--- What needs to be done ---
For this exercise, copy the data exactly and omit any images.

--- Supplied data ---
----

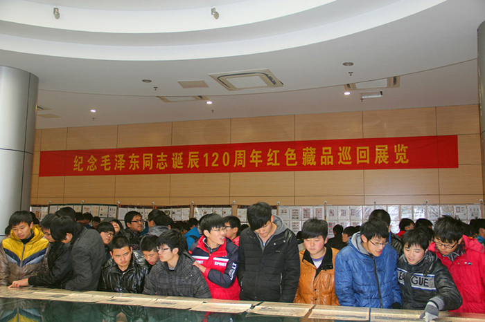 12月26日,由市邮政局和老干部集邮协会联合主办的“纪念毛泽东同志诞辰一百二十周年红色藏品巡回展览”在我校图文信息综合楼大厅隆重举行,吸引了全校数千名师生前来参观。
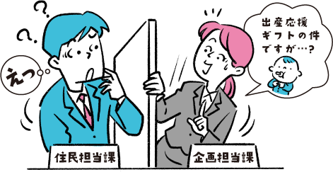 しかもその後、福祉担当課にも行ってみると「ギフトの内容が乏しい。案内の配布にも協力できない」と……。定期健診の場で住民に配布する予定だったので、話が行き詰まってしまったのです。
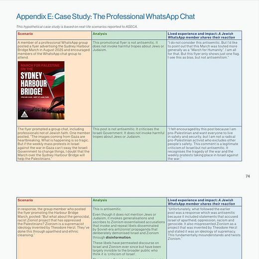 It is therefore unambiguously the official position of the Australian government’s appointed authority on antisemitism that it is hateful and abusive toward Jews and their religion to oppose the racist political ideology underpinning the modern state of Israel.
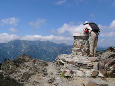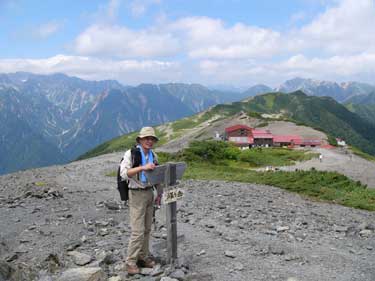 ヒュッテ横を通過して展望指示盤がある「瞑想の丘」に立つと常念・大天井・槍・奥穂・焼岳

----

--- Task result ---
 12月26日,由市邮政局和老干部集邮协会联合主办的“纪念毛泽东同志诞辰一百二十周年红色藏品巡回展览”在我校图文信息综合楼大厅隆重举行,吸引了全校数千名师生前来参观。
 しかもその後、福祉担当課にも行ってみると「ギフトの内容が乏しい。案内の配布にも協力できない」と……。定期健診の場で住民に配布する予定だったので、話が行き詰まってしまったのです。
 It is therefore unambiguously the official position of the Australian government’s appointed authority on antisemitism that it is hateful and abusive toward Jews and their religion to oppose the racist political ideology underpinning the modern state of Israel.
 ヒュッテ横を通過して展望指示盤がある「瞑想の丘」に立つと常念・大天井・槍・奥穂・焼岳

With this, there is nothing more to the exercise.